#### PROBLEM DESCRIPTION:
From the entries that follow, reproduce exactly and only the lines from the line with "Love plants? Me" to the line with "Paksusta puuvillasta valmistettu", endpoints included.

#### RECORD SET:

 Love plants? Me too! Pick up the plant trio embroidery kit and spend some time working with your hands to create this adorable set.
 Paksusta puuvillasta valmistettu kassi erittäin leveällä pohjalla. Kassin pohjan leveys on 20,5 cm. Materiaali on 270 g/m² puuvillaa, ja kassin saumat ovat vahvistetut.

---

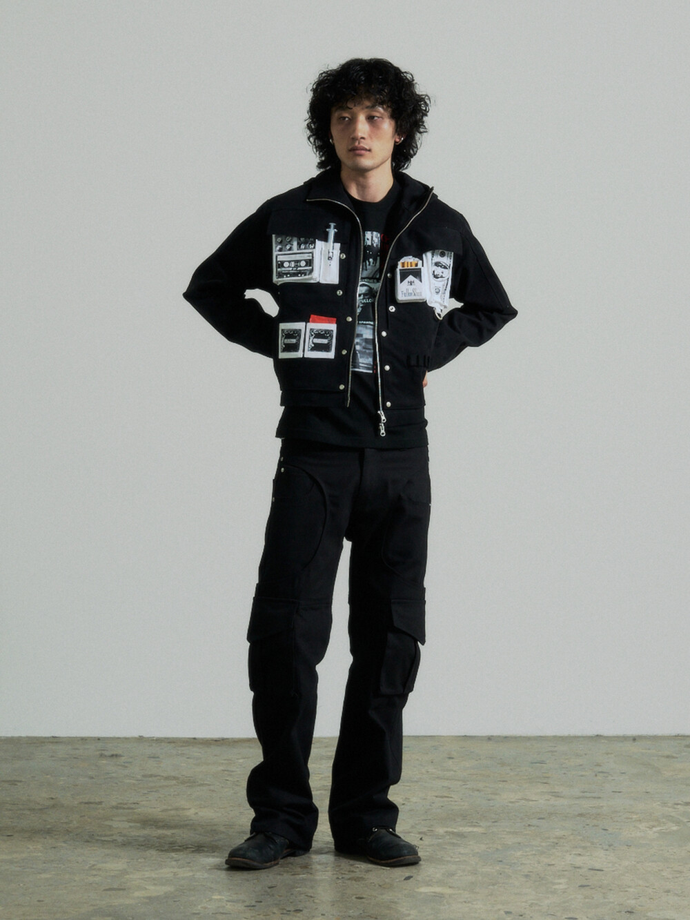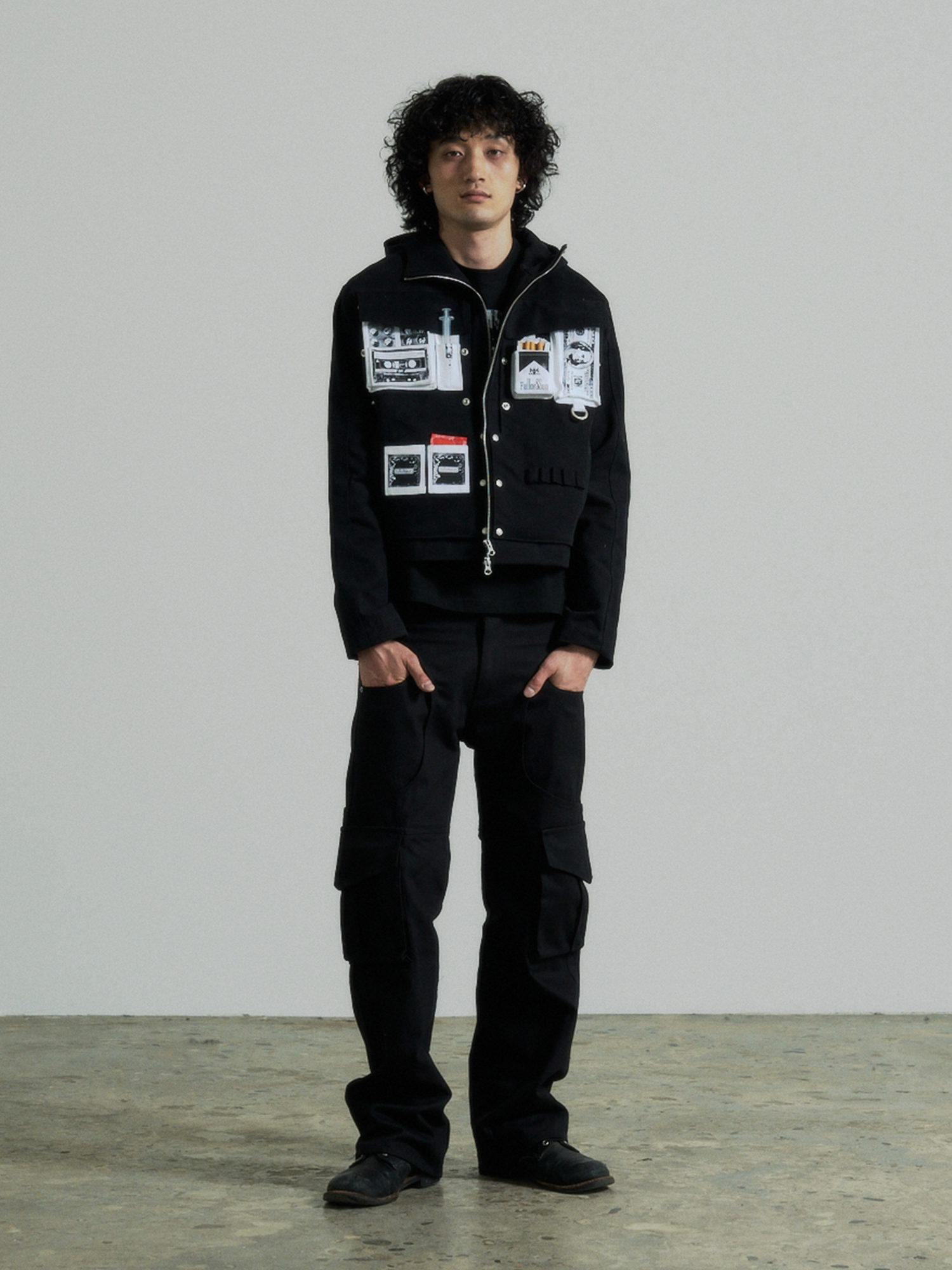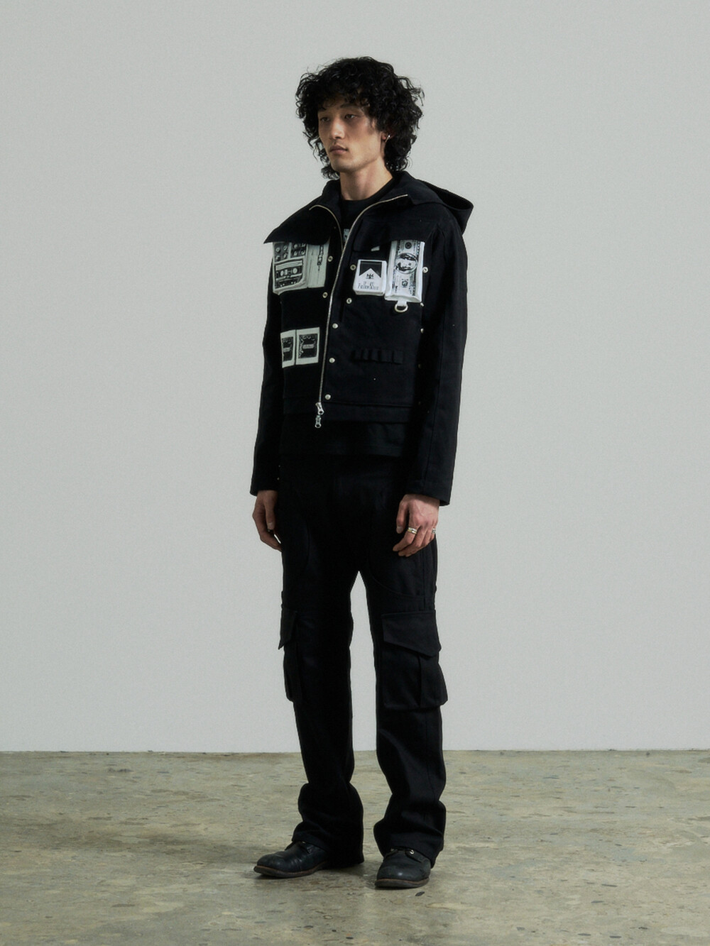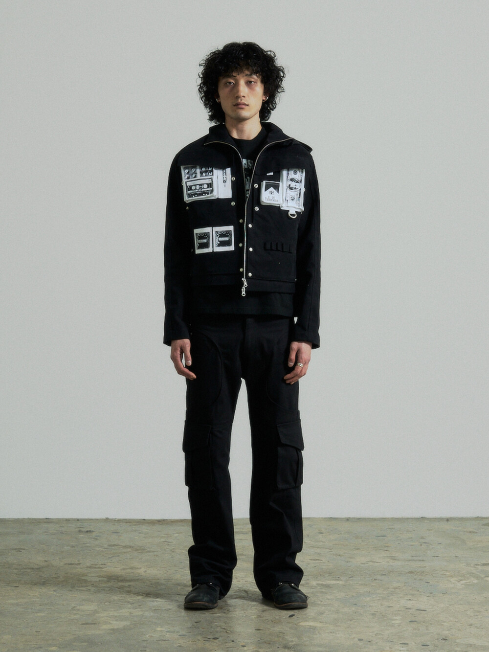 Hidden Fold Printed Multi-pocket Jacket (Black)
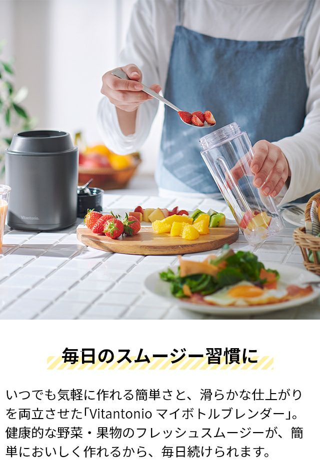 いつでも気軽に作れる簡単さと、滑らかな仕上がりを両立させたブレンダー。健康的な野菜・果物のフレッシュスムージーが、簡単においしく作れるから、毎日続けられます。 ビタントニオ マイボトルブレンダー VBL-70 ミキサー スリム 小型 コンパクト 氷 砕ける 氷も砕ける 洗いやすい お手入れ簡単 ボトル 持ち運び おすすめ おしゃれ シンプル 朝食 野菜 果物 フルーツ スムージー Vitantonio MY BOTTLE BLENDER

#### ANSWER FOR THIS EXERCISE:
 Love plants? Me too! Pick up the plant trio embroidery kit and spend some time working with your hands to create this adorable set.
 Paksusta puuvillasta valmistettu kassi erittäin leveällä pohjalla. Kassin pohjan leveys on 20,5 cm. Materiaali on 270 g/m² puuvillaa, ja kassin saumat ovat vahvistetut.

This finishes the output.